Lou and Ed smiling in spite of it all

Near Hermann we abandoned the trail in favor of Rt 94 for about 3.5 miles (at 18 mph) and then rode across the narrow bridge into Hermann without incident.

We stayed in Hermann at Harbor Haus Inn and Suites. While my room was less charming than the B&B in Augusta, breakfast was included for only $45 and the folks working there were exceptionally accommodating. After long hot showers, Lou and I were ready for a filling dinner. When it became apparent that we were having trouble finding a restaurant that was open on Monday, the gracious B&B manager drove us to a good Mexican restaurant. We ate so much, that we walked back to the B&B.

Awakening to rain on Tuesday, we abandoned our plan to ride to Jefferson City, opting instead to have Frank, the B&B owner, drive us back to Augusta. For the hour long return drive with our bikes lashed to a flatbed trailer, Frank accepted our offer of $50. He offered to take us all the way back to St Charles for another $50, but we did not want to be wimps, so declined.

It rained incessantly from Augusta to St Charles, so the trail leg that had been decent became soggy too.

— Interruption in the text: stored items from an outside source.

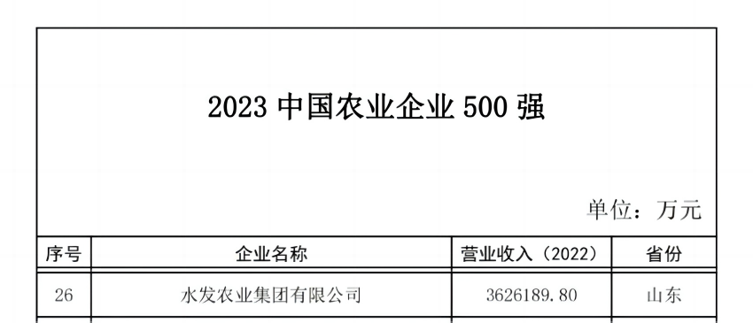 12月20日,“2023年中國農業企業500強”榜單正式發布。水發農業集團位列第26位,較去年提升11位。
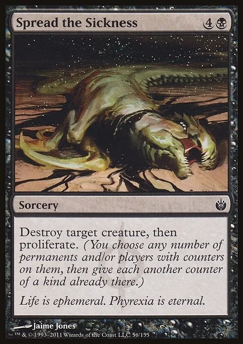 Destroy target creature, then proliferate. (Choose any number of permanents and/or players, then give each another counter of each kind already there.)
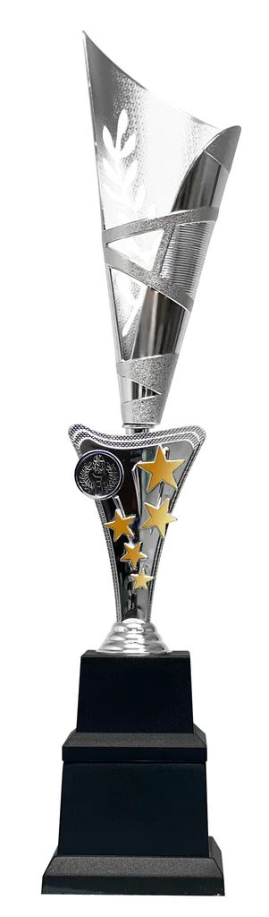 El Trofeo Conifer Plata y Negro con doble base es un diseño único y exclusivo de Trophy Monster. De estilo elegante, presenta un motivo de estrella con una llamativa estructura cónica que se eleva hacia el cielo. Está montado sobre una doble base, lo que lo convierte en un premio perfecto para uso estacional y diseñado para durar muchos años.

While not as bad as the segment from Augusta to Hermann, we experienced another grueling day of cycling. It was cold (around 37 degrees), rainy, muddy, slimy and downright miserable. At one point a sliver of seashell from the limestone trail paving managed to penetrate my brand new front tire. When we stopped to fix my flat, Lou and I were both showing evidence of borderline hypothermia. Despite the fact that we were properly attired in good rain gear and layers of thermal clothing, we were soaked clear through to the underwear and were dropping things when we stopped to fiddle with my tire.

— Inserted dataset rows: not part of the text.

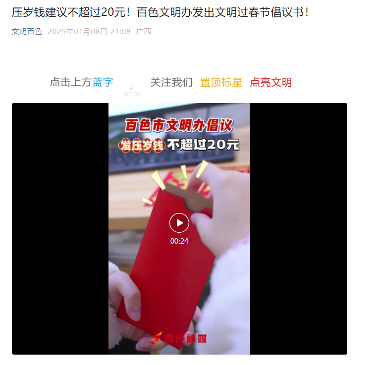 百色方面还表示,本着对晚辈的美好祝福,在直属亲属之间倡议发不超过20元的小额压岁钱,让压岁钱回归祝福的本真。全市党员干部要带头落实倡议活动,坚决遏制压岁钱攀比、人情往来攀比,以优良的党风带动社风民风向上向善。
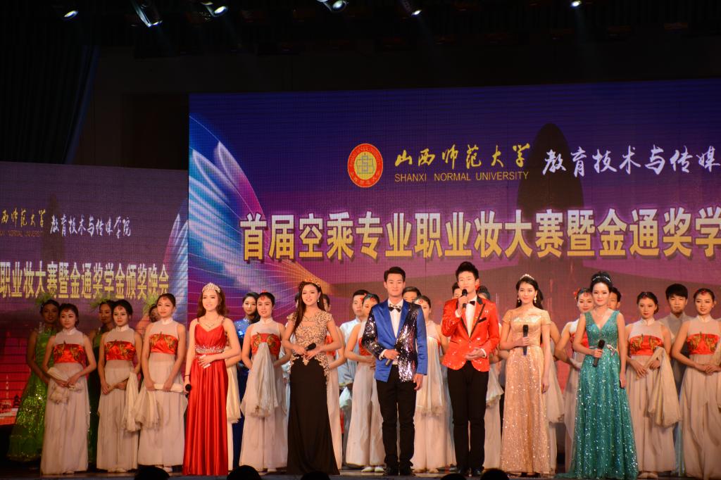 2016年1月5日晚,beat365体育官方网站首届职业妆大赛暨金通奖学金颁奖晚会在文化艺术活动中心圆满落幕。莅临本次晚会的嘉宾有校党委委员、副校长卫建国,副校长薛耀文、郝勇东,北京广慧金通教育科技有限公司董事长焦殿成、副总经理付晓军、梁萍、姜易君,学校有关部门和兄弟学院领导。beat365体育官方网站全体领导和师生员工1500余人也参加了晚会。
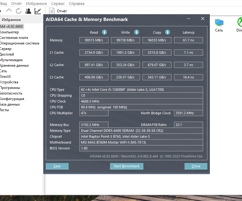 Тест кеша и памяти (память пока на дефолтных 4000 мгц, 4 планки, разгонять ещё не пробовал, но понятное дело, что имеет смысл хотя бы 4800 взять попытаться, тем более что контроллер памяти у нового проца явно лучше, чем у старого) :

When we got to St Charles, our clothes and bikes were caked with about 1/2 inch of limestone mud, so we went directly to the Trailhead Brewery. Telling them that were were not properly attired as their sign at the entrance required, we indicated that we needed to use the restroom to dress properly. Dry clothes, some excellent dark ale and peel-and-eat shrimp at the bar saved the day.

Our five day bike trip was shortened to three. It worked out to be a three day Century. I'm not complaining. I got a fabulous workout. When my brother was training to play football, he used to run on the beach. It was good exercise, but not as tough as riding a recumbent at 2.5 mph through beach sand.

I'm invigorated now and ready to start the 2002 cycling season.